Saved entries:
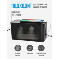 Изготовлен из прочного пластика, имеет нескользящее дно и обтекаемую форму. Вы сможете подобрать модель органайзера в нужном для Вас размере и цвете. Держатель для проводов обеспечит полезную площадь вместо беспорядка. На верхней крышке коробки образуется дополнительное место, которое можно использовать, как подставку для хранения необходимых вещей. Пластиковый бокс с крышкой создаст порядок:
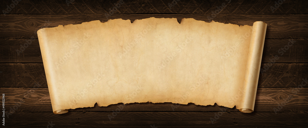 Old paper horizontal banner. Parchment scroll on a wood board
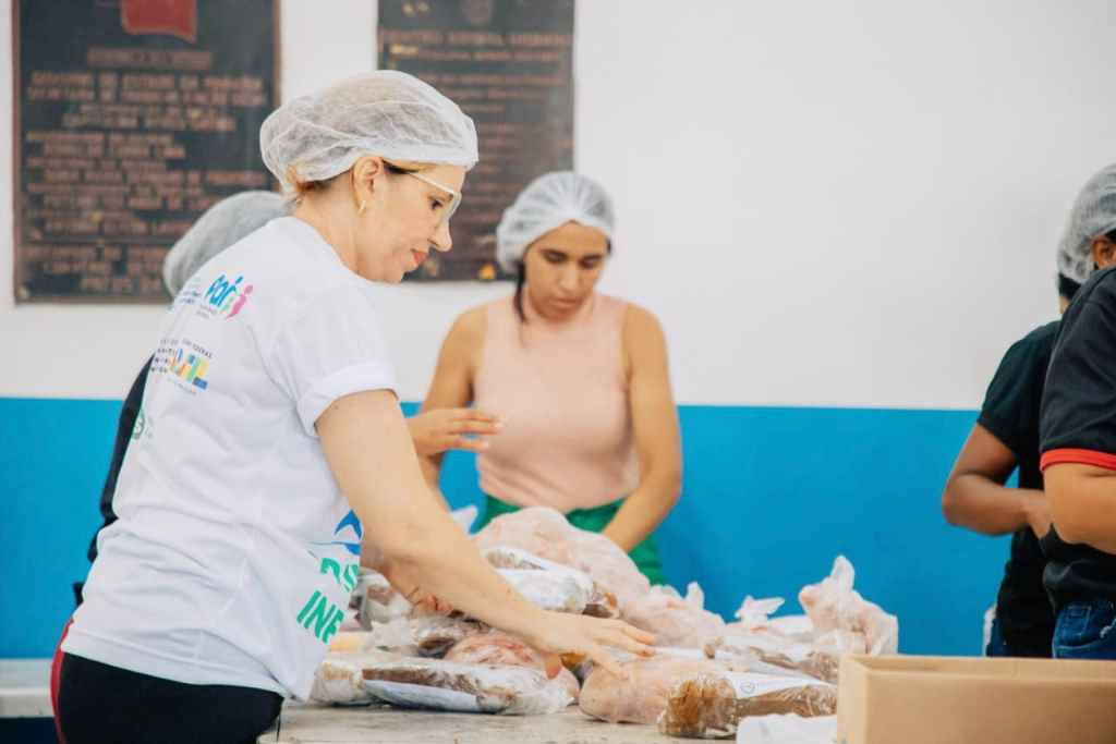Entre os produtos distribuídos estão verduras, batata-doce, frango ou carne, doce de mamão e polpas de frutas, alimentos provenientes da agricultura familiar, que contribuem para uma alimentação mais saudável e nutritiva para as famílias.
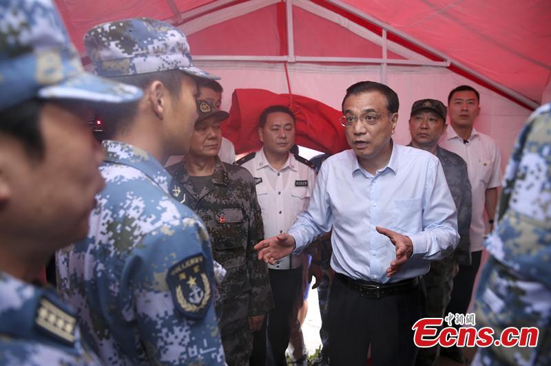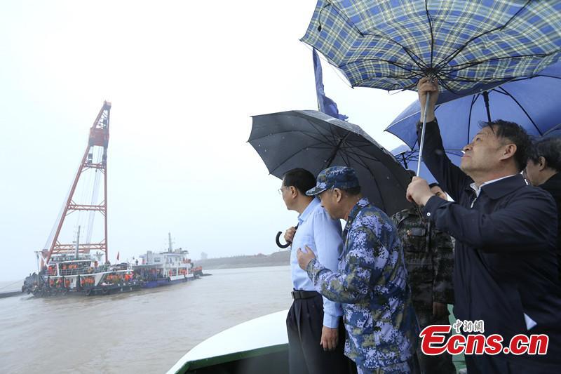 Chinese Premier Li Keqiang visits divers searching for survivors at the site of overturned ship in the Jianli section of the Yangtze River in central China's Hubei Province, June 3, 2015. Ship Dongfangzhixing, or Eastern Star, sank Monday night in the Yangtze River. Carrying 405 passengers, five travel agency workers and 47 crew members, the ship was heading from Nanjing, capital of east China's Jiangsu Province, for southwest China's Chongqing. (CNS photo/Liuzhen)
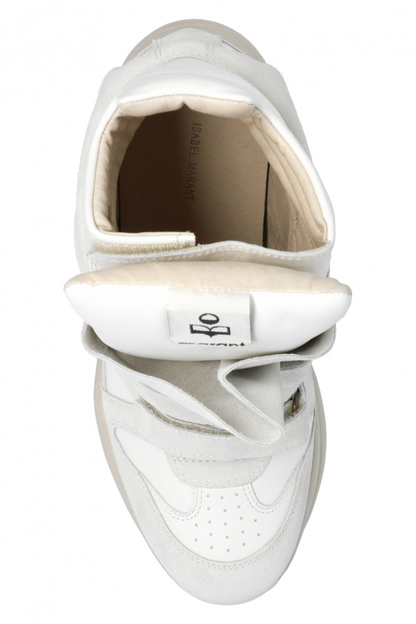 Light grey, cream and white ‘Balskee’ wedge shoes from Isabel Marant. Made of leather and suede, this model features a velcro closure, logo patch on the front and side as well as a cream rubber sole.
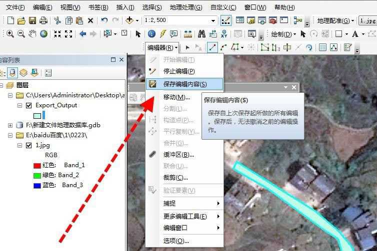 最后,最重要的步骤,就是保存编辑,如果没有这一步前面的操作都是徒劳的,所以,当我们矢量完成后,一定要点击保存编辑:工具栏中的编辑器——保存编辑。
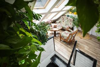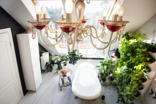 Пентхаус состоит: из гостиной с камином, кухни , трех спален с панорамными окнами, двух санузлов, гардеробной, прачечной , зимнего сада c большим аквариумом и огромном количестве декоративных растений (более 100 шт ) , террасы c уличным камином и барбекю зоной
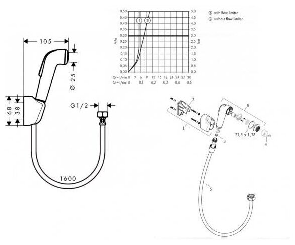 32122000 Гигиенический душ со шлангом 160 см и держателем (белый/хром) Hansgrohe
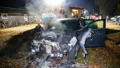 Auto vat vlam op parkeerplaats Café Klaarbeek in Klarenbeek

Exercise directions: Please reproduce every record exactly, leaving the pictures out.

Response to this task:
 Изготовлен из прочного пластика, имеет нескользящее дно и обтекаемую форму. Вы сможете подобрать модель органайзера в нужном для Вас размере и цвете. Держатель для проводов обеспечит полезную площадь вместо беспорядка. На верхней крышке коробки образуется дополнительное место, которое можно использовать, как подставку для хранения необходимых вещей. Пластиковый бокс с крышкой создаст порядок:
 Old paper horizontal banner. Parchment scroll on a wood board
Entre os produtos distribuídos estão verduras, batata-doce, frango ou carne, doce de mamão e polpas de frutas, alimentos provenientes da agricultura familiar, que contribuem para uma alimentação mais saudável e nutritiva para as famílias.
 Chinese Premier Li Keqiang visits divers searching for survivors at the site of overturned ship in the Jianli section of the Yangtze River in central China's Hubei Province, June 3, 2015. Ship Dongfangzhixing, or Eastern Star, sank Monday night in the Yangtze River. Carrying 405 passengers, five travel agency workers and 47 crew members, the ship was heading from Nanjing, capital of east China's Jiangsu Province, for southwest China's Chongqing. (CNS photo/Liuzhen)
 Light grey, cream and white ‘Balskee’ wedge shoes from Isabel Marant. Made of leather and suede, this model features a velcro closure, logo patch on the front and side as well as a cream rubber sole.
 最后,最重要的步骤,就是保存编辑,如果没有这一步前面的操作都是徒劳的,所以,当我们矢量完成后,一定要点击保存编辑:工具栏中的编辑器——保存编辑。
 Пентхаус состоит: из гостиной с камином, кухни , трех спален с панорамными окнами, двух санузлов, гардеробной, прачечной , зимнего сада c большим аквариумом и огромном количестве декоративных растений (более 100 шт ) , террасы c уличным камином и барбекю зоной
 32122000 Гигиенический душ со шлангом 160 см и держателем (белый/хром) Hansgrohe
 Auto vat vlam op parkeerplaats Café Klaarbeek in Klarenbeek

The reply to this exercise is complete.